Data below —
[Start of Attachment]
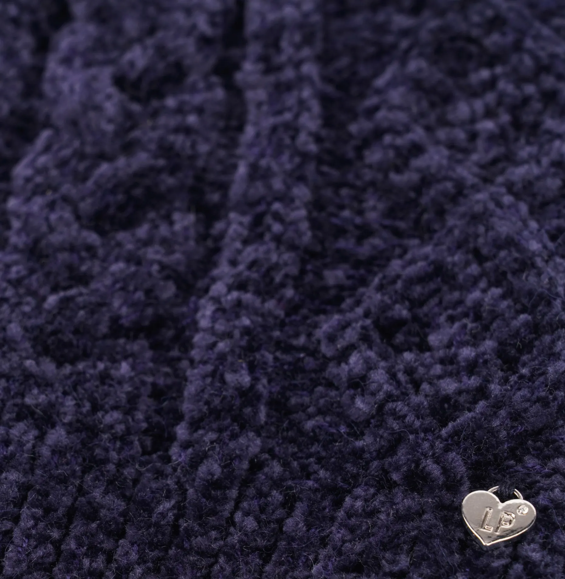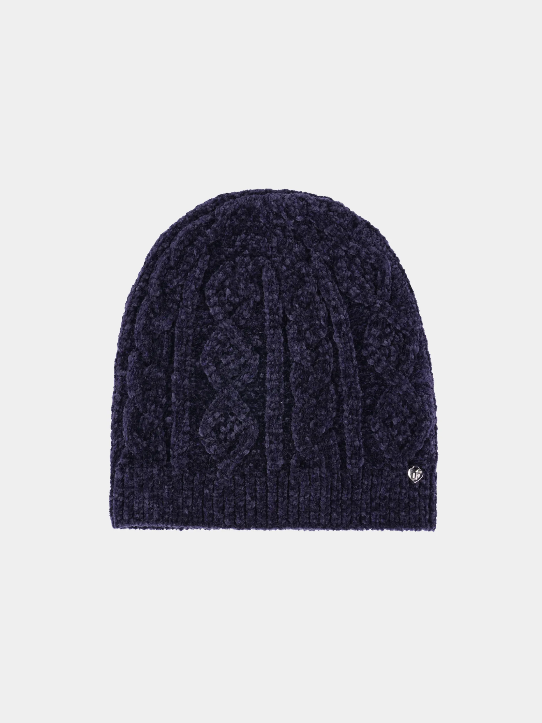 Gorro em chenille com motivos entrançados. Personalizado com pequeno coração metálico no canelado.
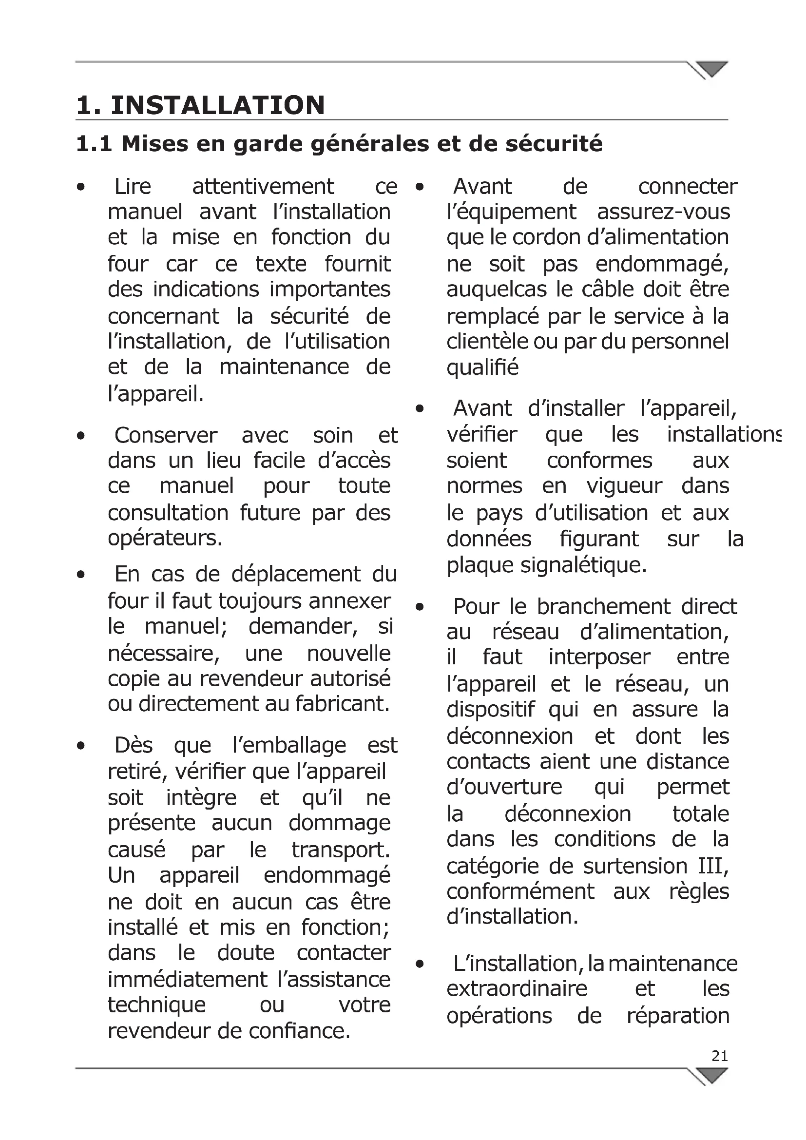 - Lire attentivement ce manuel avant l’installation et la mise en fonction du four car ce texte fournit des indications importantes concernant la sécurité de l’installation, de l’utilisation et de la maintenance de l’appareil
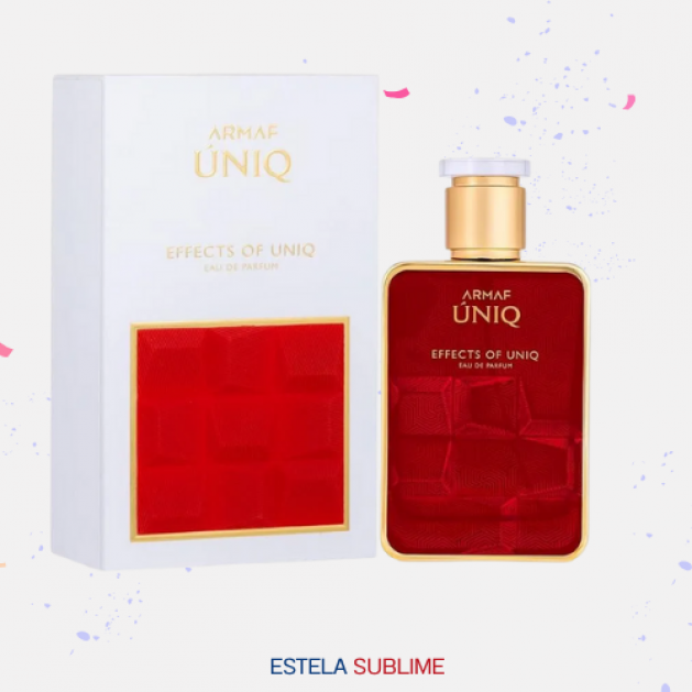 EFFECTS OF UNIQ DE ARMAF ES UNA FRAGANCIA DE LA FAMILIA OLFATIVA PARA HOMBRES Y MUJERES. ESTA FRAGRANCIA ES NUEVA. EFFECTS OF UNIQ SE LANZÓ EN 2024. LAS NOTAS DE SALIDA SON PERA Y MANDARINA; LAS NOTAS DE CORAZÓN SON VAINILLA Y FLOR DE AZAHAR DEL NARANJO; LAS NOTAS DE FONDO SON CAFÉ, CARAMELO, CEDRO, PACHULÍ Y ALMIZCLE BLANCO.
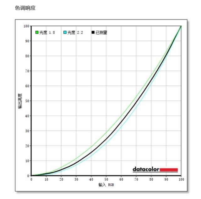 色调响应素质也是相当出色,实测光度介于1.8-2.2之间,且弧线曲率几乎与两条线重合,虽然没有完全重合,但也说明其色调响应素质极佳。
[End of Attachment]
Goal of the exercise —
Every line from the one containing "- Lire attentivement" through the last line of the data is to be retyped exactly, with nothing added and no pictures included.

Exercise solution —
 - Lire attentivement ce manuel avant l’installation et la mise en fonction du four car ce texte fournit des indications importantes concernant la sécurité de l’installation, de l’utilisation et de la maintenance de l’appareil
 EFFECTS OF UNIQ DE ARMAF ES UNA FRAGANCIA DE LA FAMILIA OLFATIVA PARA HOMBRES Y MUJERES. ESTA FRAGRANCIA ES NUEVA. EFFECTS OF UNIQ SE LANZÓ EN 2024. LAS NOTAS DE SALIDA SON PERA Y MANDARINA; LAS NOTAS DE CORAZÓN SON VAINILLA Y FLOR DE AZAHAR DEL NARANJO; LAS NOTAS DE FONDO SON CAFÉ, CARAMELO, CEDRO, PACHULÍ Y ALMIZCLE BLANCO.
 色调响应素质也是相当出色,实测光度介于1.8-2.2之间,且弧线曲率几乎与两条线重合,虽然没有完全重合,但也说明其色调响应素质极佳。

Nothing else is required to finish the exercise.